A fé de Nossa Senhora levou-a a proclamar
Deus como o Rei e Senhor do Universo, como nos ensinava a Profecia de
Malaquias, mas levou-a igualmente a proclamar Deus como o Senhor único da sua
vida, a quem amou e serviu com uma vontade dócil na totalidade de si mesma. A
integridade da sua vida, sem pecado, sempre fiel à aliança, disponível para em
tudo dar glória a Deus, corresponde plenamente às palavras proféticas do Antigo
Testamento que anunciavam a Igreja com uma vocação à santidade encarnada em
Maria.
Todos nós, enquanto Igreja, somos convidados
a encarnar com humildade a nossa condição de homens e mulheres, por isso,
criaturas de Deus, limitadas e fracas. No entanto, somos também convidados a
viver na alegria da nossa condição de filhos de Deus, tal como referia o
Evangelho ao dizer que um só é o nosso pai, o Pai celeste. Maria encarnou esta
condição de filha de Deus na alegria e a sua vida foi um cântico de gratidão e
alegria, sintetizado no magnificat – a minha alma glorifica no Senhor e o meu
espírito se alegra (rejubila) em Deus, meu Salvador.
A própria atitude de serviço no anúncio do
Evangelho, cantada por S. Paulo na Epístola aos Tessalonicenses, brilhou de
modo particular em Maria. Ninguém acolhe de forma mais marcante a Palavra de
Deus no coração e na vida e ninguém a proclama de forma mais eficaz. É Ela que
acolhe o Verbo de Deus no seu seio e o dá ao mundo num gesto inigualável de
serviço. Não somente evangeliza, mas traz ao mundo o próprio Evangelho, a
Palavra Viva de Deus, que é Jesus Cristo encarnado no seu seio.

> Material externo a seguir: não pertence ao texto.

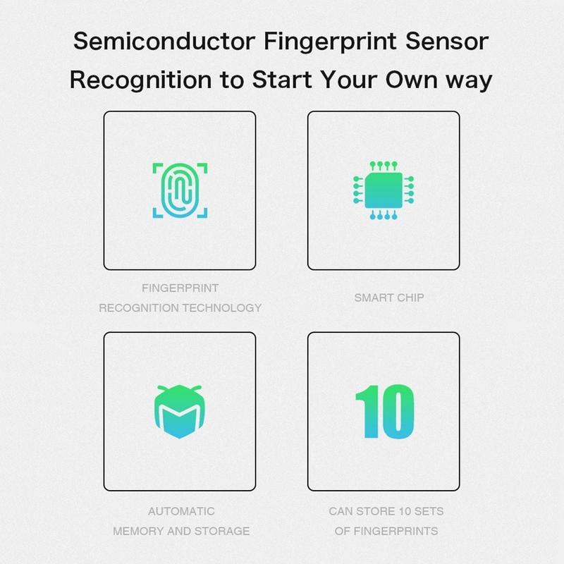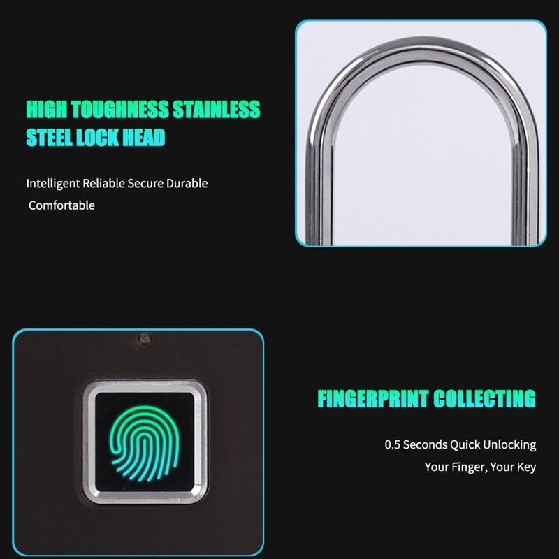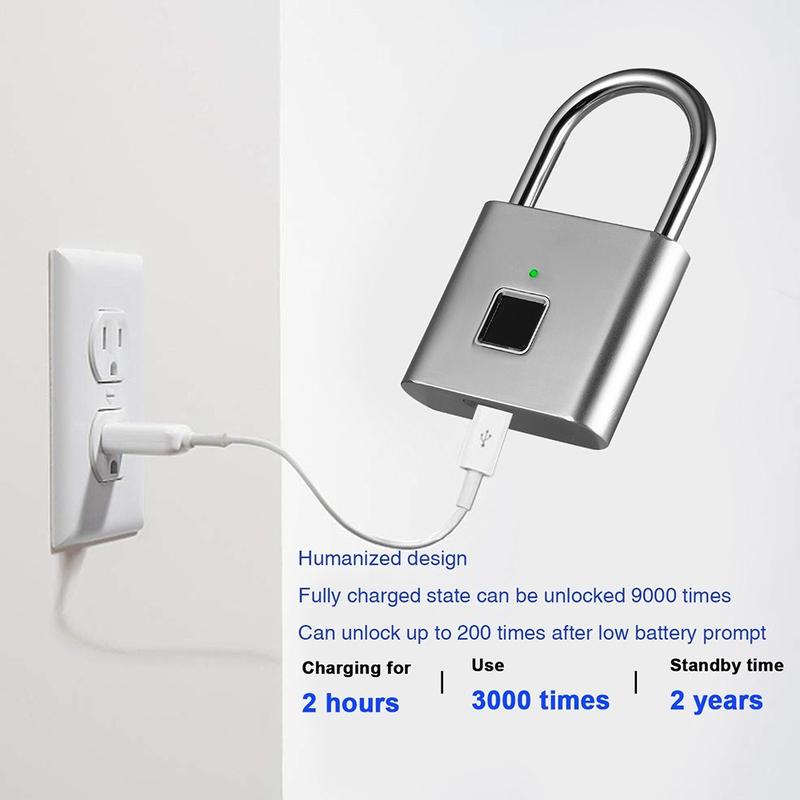 Dieses Mini-Vorhängeschloss besteht aus einem Gehäuse aus Zinklegierung und einem hochfesten Schlossbügel aus Edelstahl und ist für den zuverlässigen täglichen Gebrauch ausgelegt. Es kann bis zu 10 Fingerabdrücke speichern, darunter Administrator- und normale Benutzereingaben, und der wiederaufladbare Akku bietet eine lange Standby-Zeit mit praktischer USB-Aufladung. Dank seiner kompakten Größe lässt es sich leicht transportieren, während das Fingerabdrucksystem hilft, die üblichen Probleme mit verlorenen Schlüsseln und vergessenen Codes zu vermeiden.

As palavras de Paulo referentes a todo o
discípulo, que recebe e anuncia o Evangelho e referentes a si mesmo enquanto
Apóstolo, aplicam-se de um modo ainda mais direto a Maria, quando fala da mãe
que acalenta os filhos que anda a criar, ou naqueles que acolheram o Evangelho,
não como palavra humana, mas como palavra de Deus. Em Nossa Senhora aprendemos
o verdadeiro método da Evangelização: poucas palavras – as estritamente
necessárias, e muita vida, ou seja, forte testemunho. O Evangelho recolhe
pouquíssimas palavras suas e, no entanto, o seu testemunho é eloquente. Esta é
a forma materna de ser: transmite pela afeição, pelo amor e pela entrega, mais
do que pelo discurso.
Ao longo destes 90 anos de fundação, que
estamos a celebrar, a Legião de Maria tem procurado incutir nos seus membros
esta maneira de ser, acreditar e evangelizar mariana e, portanto, eclesial.

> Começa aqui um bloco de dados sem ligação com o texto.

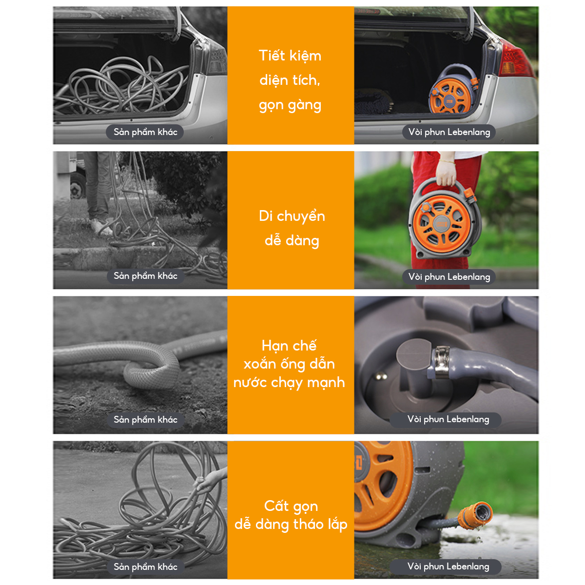 - Bộ vòi phun Lebenlang Thu Gọn Dễ Dàng: Thu cuộn ống nước dễ dàng bằng cách xoay núm vặn chiều kim đồng hồ, giúp tiết kiệm không gian và di chuyển dễ dàng.

Numa atitude de serviço e entrega, homens e mulheres procuram fazer sua a
solicitude e a ternura da mãe que acalenta os filhos que anda a criar, ou seja,
procuram ir ao encontro dos que estão frágeis na esperança, ajudar os que se
sentem fracos na fé, levar o auxílio material aos pobres e desprotegidos.
No meio de tantas formas massificadas e anônimas
de fazer apostolado, evangelizar ou realizar a ação sócio-caritativa, é urgente
o recurso a ações caracterizadas pela relação pessoal, pela força do coração,
pela solicitude e ternura própria da maneira de ser paterna e materna. De fato,
não basta criar programas de assistência, de distribuição de bens, nem a criar
condições econômicas, de habitação ou outras; nem sequer basta falar de Deus ou
proclamar Jesus Cristo como o Salvador por meio das palavras. É necessário dar
a conhecer Deus que é Pai de misericórdia, Jesus Cristo, o Irmão, que nos ama
até ao fim e o Espírito Santo que nos anima nas dores e aflições.
Não basta, por isso, uma evangelização que
recorra à lógica da razão humana ou que proclame as verdades fundamentais do
cristianismo. A mensagem só passa quando as palavras correspondem à vida e
quando os gestos constituem a bandeira do testemunho, que arrasta. Deste modo,
conosco enquanto agentes ativos, a Igreja há de fazer a nova evangelização e
desenvolver a pastoral da fé para as quais nos convoca o Papa Bento XVI.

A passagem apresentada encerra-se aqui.